Japhet Legentil Ndayishimiye, président de la Diaspora Burundaise est dubitatif à la question si la diaspora pourrait être une alternative à l’apport en devises via l’UE. Mais il est persuadé que la diaspora « pourrait contribuer d’une manière  incomparable » dans l’afflux de devises au pays , si…

Japhet Legentil Ndayishimiye, président de la Diaspora Burundaise, réside en Norvège

La diaspora burundaise, peut-elle constituer une alternative au manque de devises que le Burundi connaît actuellement?

Nous ne saurions le dire. Mais nous confirmons que celle-ci pourrait contribuer d’une manière incomparable si le gouvernement applique une Politique de la Diaspora dans les différentes transactions monétaires ou d’investissement. En plus des transactions bancaires, les estimations du flux de fonds provenant de la diaspora dépassent l’enveloppe que l’Union Européenne accorde au Burundi. Donc nous sommes des partenaires fiables. Les envois de fonds sont habituellement réalisés pour aider les membres des familles qui sont dans le pays à faire face aux besoins financiers et alimentaires, frais de scolarité, obsèques, entretien de maison, etc.
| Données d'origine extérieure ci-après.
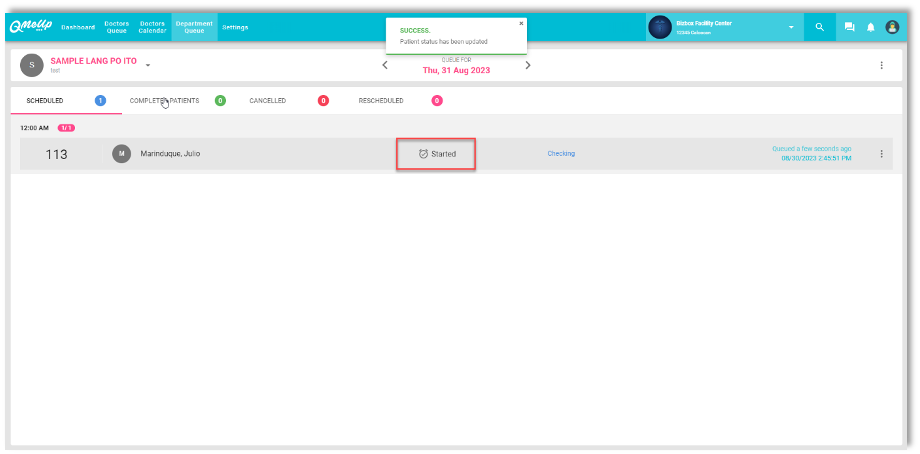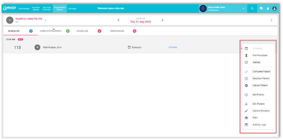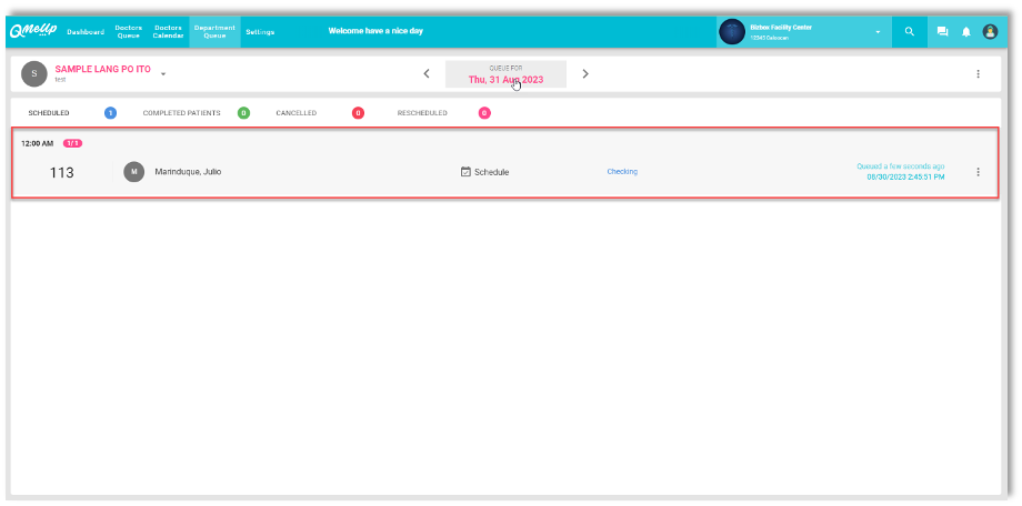 QMU Facility - Enhancement of Queue Card of Department Queue

Comment la diaspora burundaise peut-elle contribuer à amener les touristes visiter le Burundi ?

La diaspora contribue dans le marketing de bouche à oreille du tourisme au Burundi. Plusieurs Burundais viennent en vacances avec des amis ressortissant des pays de leurs résidences. La diaspora contribue aussi par des activités réalisées dans les pays de résidence. Nous avons des Burundi qui ont formé des mariages mixtes, c’est une richesse. En plus de cela, il y a les groupes culturels opérant dans la diaspora. Comme les Burundais partagent la langue et la culture des pays qui les hébergent, ils sont devenus de vrais ambassadeurs du Burundi. Nous déplorons certains Burundais qui présentent le Burundi comme un pays à fuir alors que leurs proches sont au pays natal : c’est un comportement irresponsable.

Quelle serait la taille de la diaspora burundaise?
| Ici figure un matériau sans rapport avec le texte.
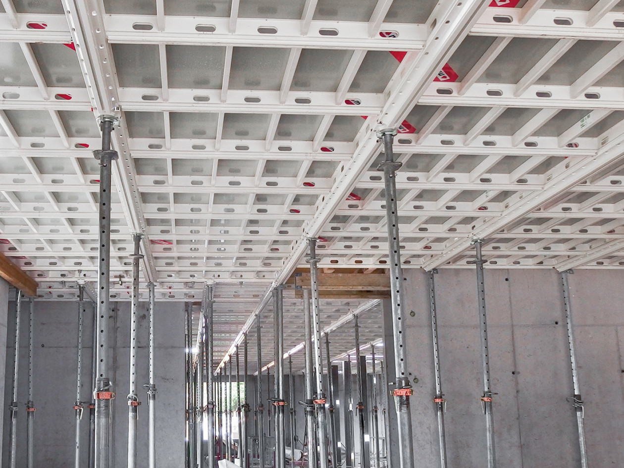Our latest MevaDec slab formwork system is lightweight and easy to use. It is not bound to a rigid grid pattern, meaning that it can be adapted to suit any building layout and any slab thickness.

Les Burundais de la diaspora sont actuellement estimés à presque 6% de la population burundaise, soit environ 600.000 personnes. Nous avons observé dans les années 2000 un important flux migratoire, particulièrement vers l’Europe, plus précisément en Belgique, au Pays-Bas, en France, en Angleterre, et surtout dans les pays scandinaves comme la Norvège. Les États-Unis ont accueilli sur leur territoire plus de 10.000 migrants burundais dans les années 2005. Le Canada, l’Australie hébergent un grand nombre de Burundais venus de Tanzanie. Sans oublier l’Afrique qui regorge un nombre non négligeable d’investisseurs burundais : Zambie, Kenya, Ouganda, Afrique du Sud, Tanzanie et Mozambique.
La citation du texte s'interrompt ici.